VLDB2025

DobLIX: A Dual-Objective Learned Index for Log-Structured Merge Trees

Alireza Heidari, Amirhossein Ahmadi, Wei Zhang

4 citations

Abstract

In this paper, we introduce DobLIX, a dual-objective learned index (LI) specifically designed for Log-Structured Merge (LSM) tree-based key-value stores. Traditional LIs primarily focus on optimizing index lookups, often overlooking the critical role of data access from storage, which can become a significant performance bottleneck. In LSM-based systems, a considerable portion of the index is stored on disk, making lookups highly dependent on the efficient coordination between in-memory structures and disk-resident data. Poorly optimized access patterns can lead to excessive I/O operations, negatively impacting read latency and overall system performance. DobLIX addresses this by incorporating a second objective, data access optimization, into the LI training process.

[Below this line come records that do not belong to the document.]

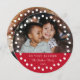 Este cartão de foto moderno e encantador funciona como um enfeite de árvore de Natal. Basta fazer um furo no círculo superior do meio no desenho. Em seguida, coloque uma fita pelo buraco e amarre-a em um laço!
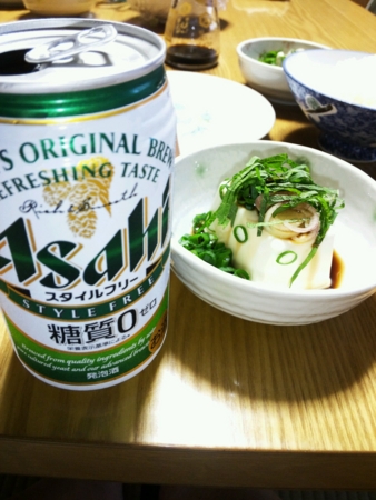 豆腐が隠れるくらいネギとシソとミョウガをのせた冷奴を肴にスタイルフリーをいただきます。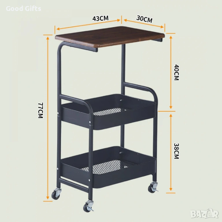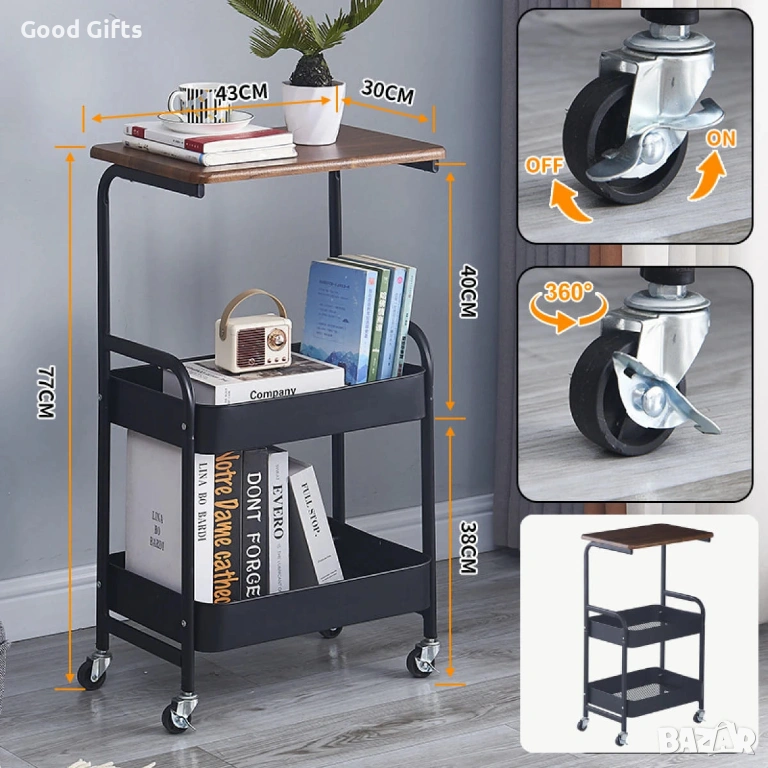 Приложение: Масичка за кафе, нощно шкафче, поставка за лаптоп, кухненска количка.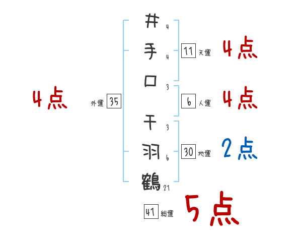 外運![]() | 井手口千羽鶴さんの外運は35画の4つ星!温厚な性格で感受性が高い。穏和な性格で人望が厚い。 生活面を象徴する運勢です。外部から受ける影響力を表し、結婚運、家庭運や職場、環境への順応性を表します。 |

This dual-objective approach ensures that both index lookup efficiency and data access costs are minimized, leading to significant improvements in read performance while maintaining write efficiency in real-world LSM systems. Additionally, DobLIX features a reinforcement learning agent that dynamically tunes the system parameters, allowing it to adapt to varying workloads in real-time. Experimental results using real-world datasets demonstrate that DobLIX reduces indexing overhead and improves throughput by 1.19x to 2.21x compared to state-of-the-art methods within RocksDB, a widely used LSM-based storage engine.